I personally watched it a few times myself over the years. Once at work I needed to provide the source for the optimization tip I had given, but of course, I didn’t remember off the top of my head in which talk I had seen it. I recalled that I had seen it in one of the talks listed in this blog post, but still had to spend some time looking for the exact tip.

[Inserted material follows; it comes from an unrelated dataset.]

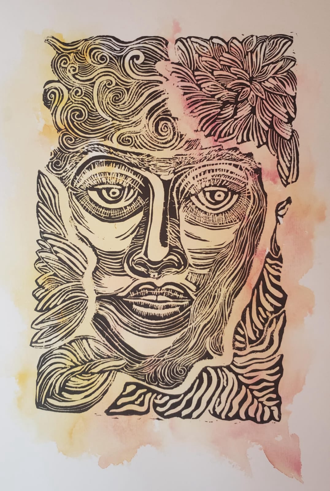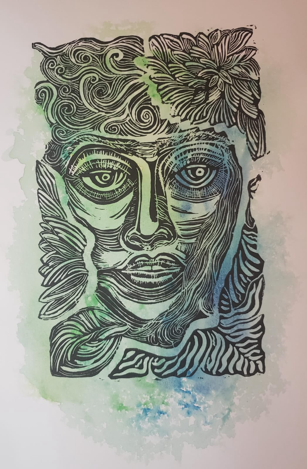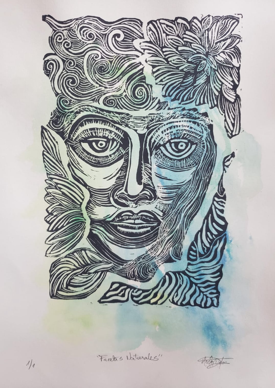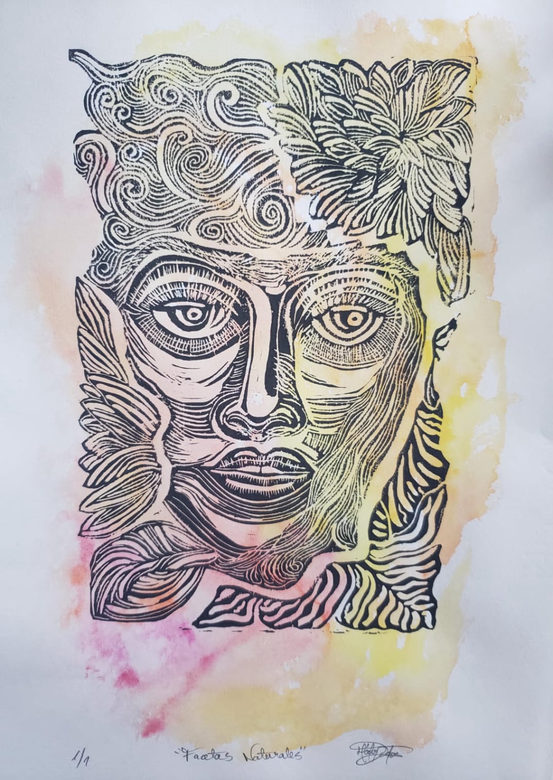 Facetas naturales grabado sobre acuarela 35x25 cms.

So I decided to create a short list of takeaways from these videos, so I myself and everyone else can get back to it and refresh their knowledge without spending hours of time on x2 playback speed. All points have time codes, so you can go directly to where he talks about it and get more info about the performance issue and how to resolve it.
Obviously, some of these videos are kind of old now and not all advice can be applied, because some performance issues Ian talks about are already fixed in Unity internally. But most of these tips are still relevant and not circulating over the internet constantly. So without further ado, let’s get to the list.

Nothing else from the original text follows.